To understand sampling and aliasing I think a useful analogy is a strobe light on a bicycle wheel. The rate of rotation of the bicycle wheel in revolutions per second represents the frequency of an example single frequency waveform in Hz. The rate of the strobe light represents the sampling frequency. Consider how we can make the wheel appear to stop moving if the strobe light frequency matches the rotation rate of the wheel (in fact for those familiar with car repair, this is how engine timing can be adjusted), or even appears to start rotating backwards if the strobe light is slightly lowered in frequency. This is "aliasing" and is a foundation of Nyquist's criteria for sampling rate and signal frequencies.
The first thing is to clearly distinguish in our heads the difference between the "frequency" of the signal being sampled and the "frequency" of the sampling rate: the signal being sampled is best described having a frequency in terms of cycles/second, while we can distinguish the sampling rate as having a frequency in terms of samples/second. Frequency in general is the rate of something and applies to both of these cases, but clarifying this may help avoid some confusion. (And then once that confusion is gone, let me throw in that in discrete time processing we often divide the two to have signals in units of normalized frequency given as cycles/sample.... if that is again confusing, forget I said anything in these parenthesis-- but if you want to ponder further after you see the details below, consider how many cycles or revolutions occur for every sample; in the 1 Hz signal sampled at 100 Hz, this is 1/100 cycles/sample).
Consider first what we would see if we had a 50 Hz strobe light and a 1 Hz wheel, as depicted in the first graphic below. I put a piece of red tape on the rim so that we can observe the rotation, and each of the dots represents the position of that mark on the rim as we would see it after each flash of the strobe light. The solid red dot is what we see at the start, and the blue dot is the second sample. This makes sense when we consider the wheel is spinning at 1 cycle every second, and in that duration of time the strobe light would have flashed 50 times, consistent with the 50 dots I indicated. More importantly is to consider as time moves forward where each dot will be, and in this case we see it advancing counter-clockwise relatively slowly (specifically $2\pi/50$ radians per sample).
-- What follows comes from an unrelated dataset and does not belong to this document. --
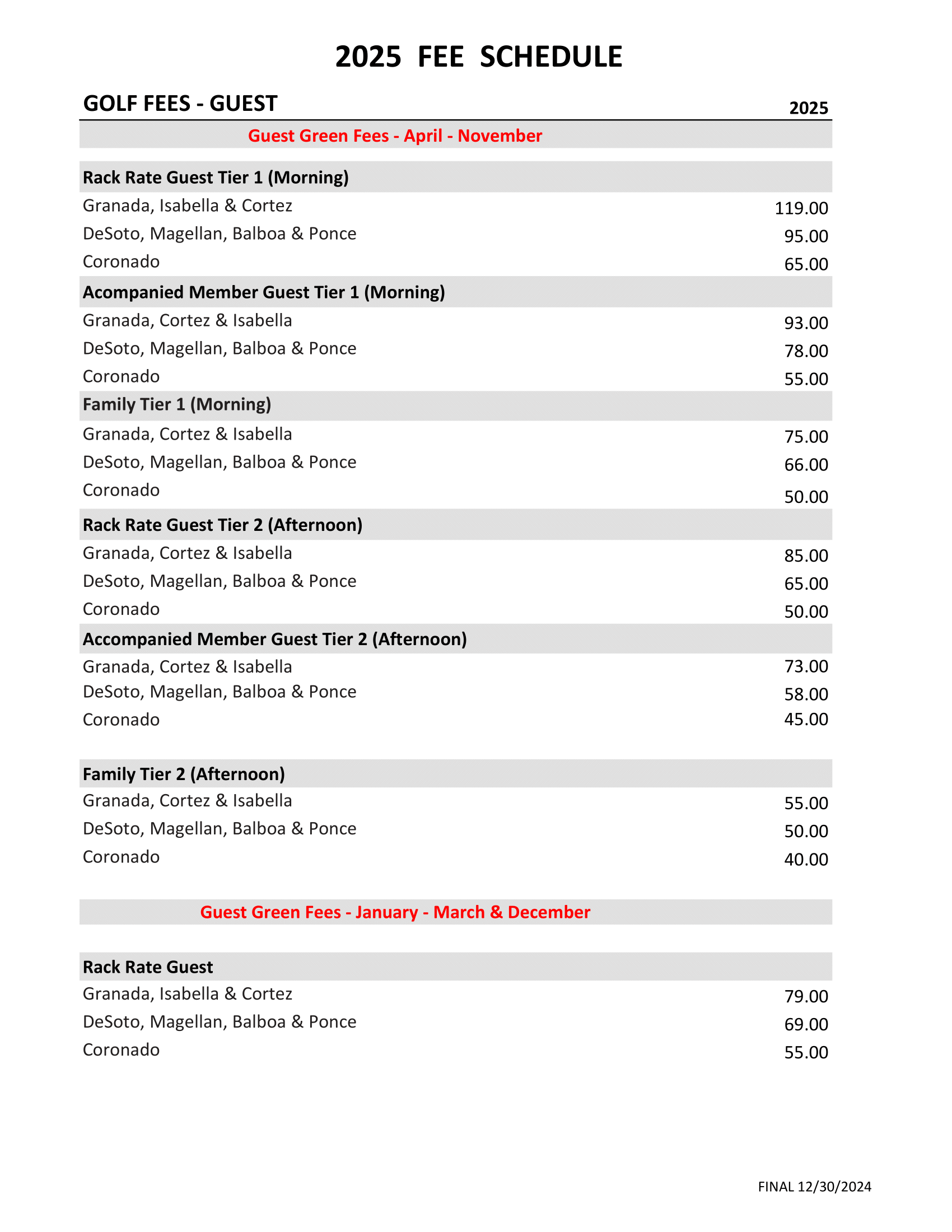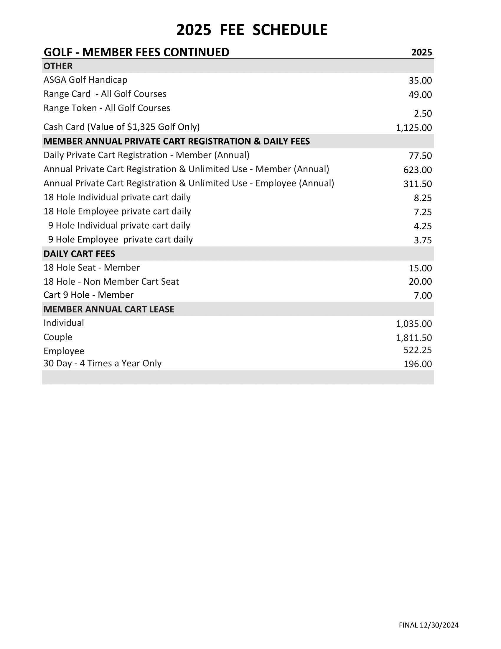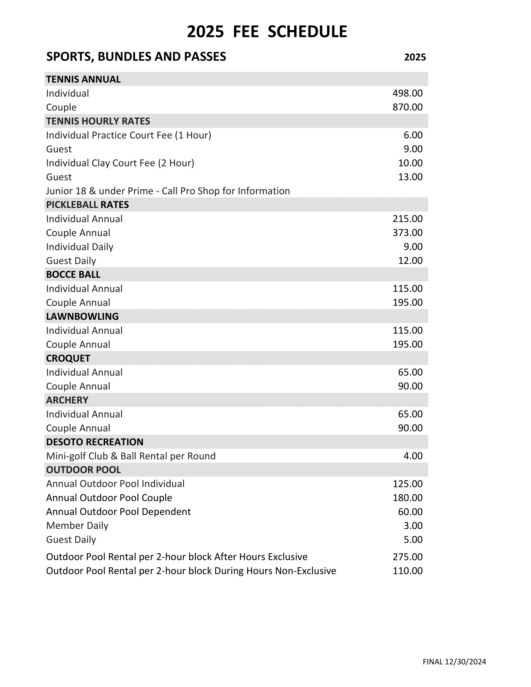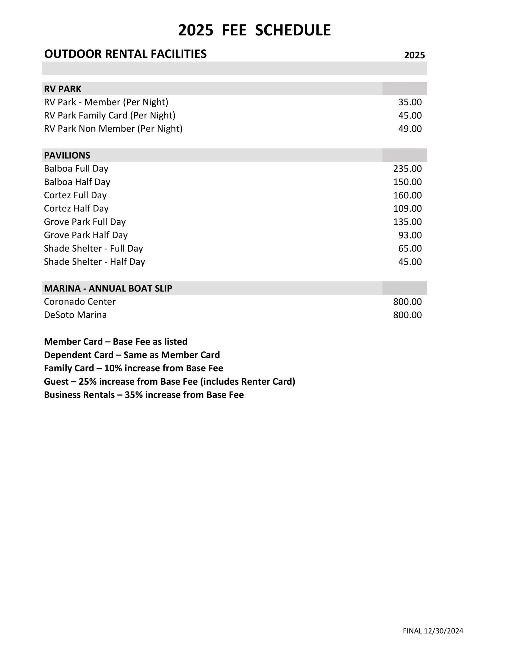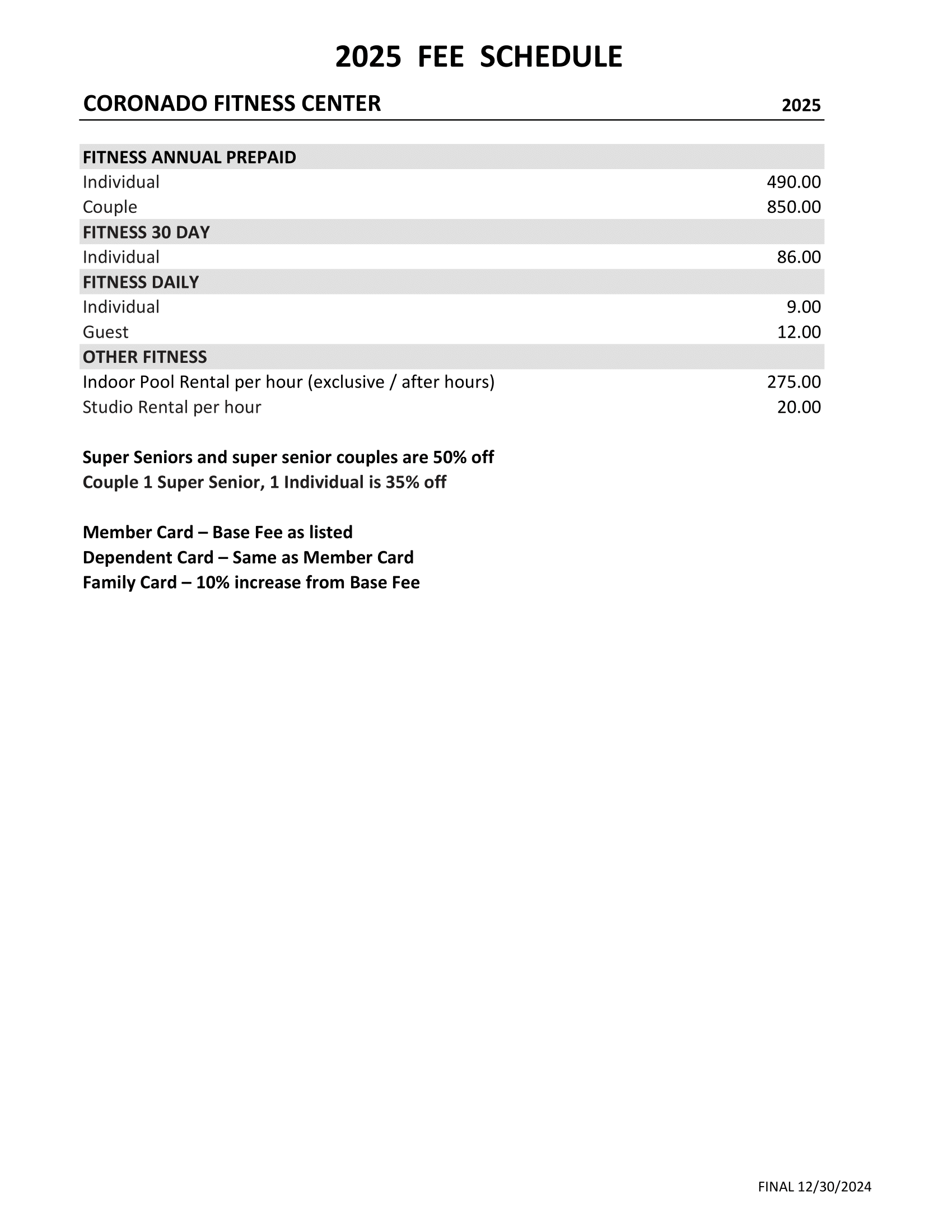 2025 Fee Schedule

Now consider what this would look like if we increased the rate of rotation to 49 Hz, and then again to 51 Hz:

Note that I specifically included a sign to denote the direction of rotation (with a counter-clockwise rotation representing a "positive" frequency). The point is, once sampled, we have no way of knowing the actual true rate of rotation or the direction. If the wheel was spinning the other way at -51 Hz instead of +49 Hz as above, we would see the exact same results after each flash of the strobe light! When different signals (at different frequencies or rates of rotation) produce the exact same results in their digitized samples, this is referred to as aliasing.

Consider one more case where the wheel is now rotating faster than the sampling rate of the strobe light, in the same direction, compared to our original case:

Here we see, that once sampled, we cannot distinguish the two cases. The 101 Hz case is a direct alias of the 1 Hz case - both will produce identical results. When we sample at 100 Hz, the "unique span" of possible rates of rotation (and direction in this case of a wheel) is +/- 50 Hz; any $f$ faster than that would alias to a similar result at $f-f_s$ where $f$ is the rate of rotation and $f_s$ is the sampling rate.